Этому явлению подвержены не только непосредственные жертвы травмы, но и свидетели травмирующего события. К тому же очень многим трудно подобрать слова для описания своих переживаний. Да и поверят ли ему?
Общество хочет спокойной жизни. Его пугают описания ужасов, оно, даже получив представление о страшных событиях, стремится побыстрее забыть о них. Как на общественном, так и на личном уровне люди переживают отрицание, подавление и диссоциацию (двоемыслие). Они отрезают себя от своего прошлого. Но необходимо это прошлое понять, чтобы исправить то, что происходит сейчас и может произойти в будущем.
Травмированные люди, независимо от характера травмы, похожи друг на друга. У всех травматических симптомов есть общие черты. Способы их восстановления тоже похожи. Герман делится с читателями своими методиками исцеления травм любого рода.
Ключевые идеи книги.
Идея № 1. Психологическая травма проявляется в симптомах перевозбуждения, вторжения и избегания
В момент травмы человек осознает себя бессильным перед превосходящей силой, которая может сделать с ним все, что угодно. Он может пережить это во время природной катастрофы или в результате преступления.
После таких событий он утрачивает чувство контроля над собственной жизнью и сомневается в ее смысле. Принято считать, что такие события все-таки случаются довольно редко. Но Герман уверена, что изнасилование, избиения и другие формы насилия и унижения веками были обыденной жизнью для женщин. Да и боевые психические травмы невозможно назвать чем-то исключительно редким: ХХ век был богат на войны и конфликты, да и XXI стремится не отстать от него. Так что от травмирующих событий самого чудовищного характера не застрахован никто, и случиться они могут в любой момент.
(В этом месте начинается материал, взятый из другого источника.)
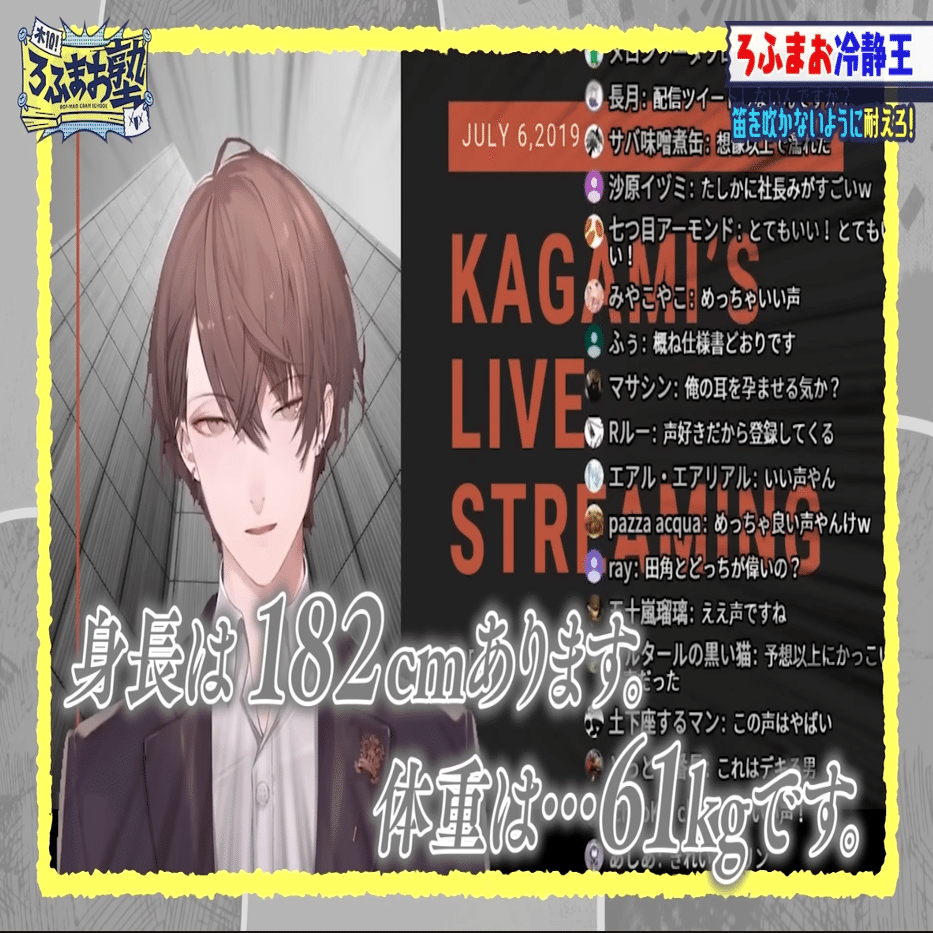 神妙な声で「身長は182cmあります。体重は……61kgです。」と言っているのも面白い。AVの自己紹介? 私がそこまで深くVTuber文化に触れていなかったのもあって、こういう「初配信時と現在のキャラが違いすぎる」みたいな現象を見るのもなんか新鮮でした。にしても初登場時の飛影すぎる。

Их экстраординарность заключается не в их редкости, а в том, что они производят такое тяжелое воздействие на психику, угрожая жизни, здоровью и грозя смертью. Это вызывает ощущение ужаса и бессилия.
Опасность запускает в теле и мозге комплекс реакций. Сначала возбуждается симпатическая нервная система, вызывая прилив адреналина, приводящий в состояние боевой готовности. Человек полностью сконцентрирован, он так сосредоточен на задаче выжить, что не замечает голода, холода или боли. Таковы нормальные адаптивные реакции, когда человек входит в активный режим «бей или беги».
Но если он не может ни бежать, ни драться, если все действия бесполезны, вся адаптивная система приходит в беспорядок. Реакция есть, но она пропадает впустую, а ее отдельные компоненты действуют еще долго после исчезновения непосредственной опасности.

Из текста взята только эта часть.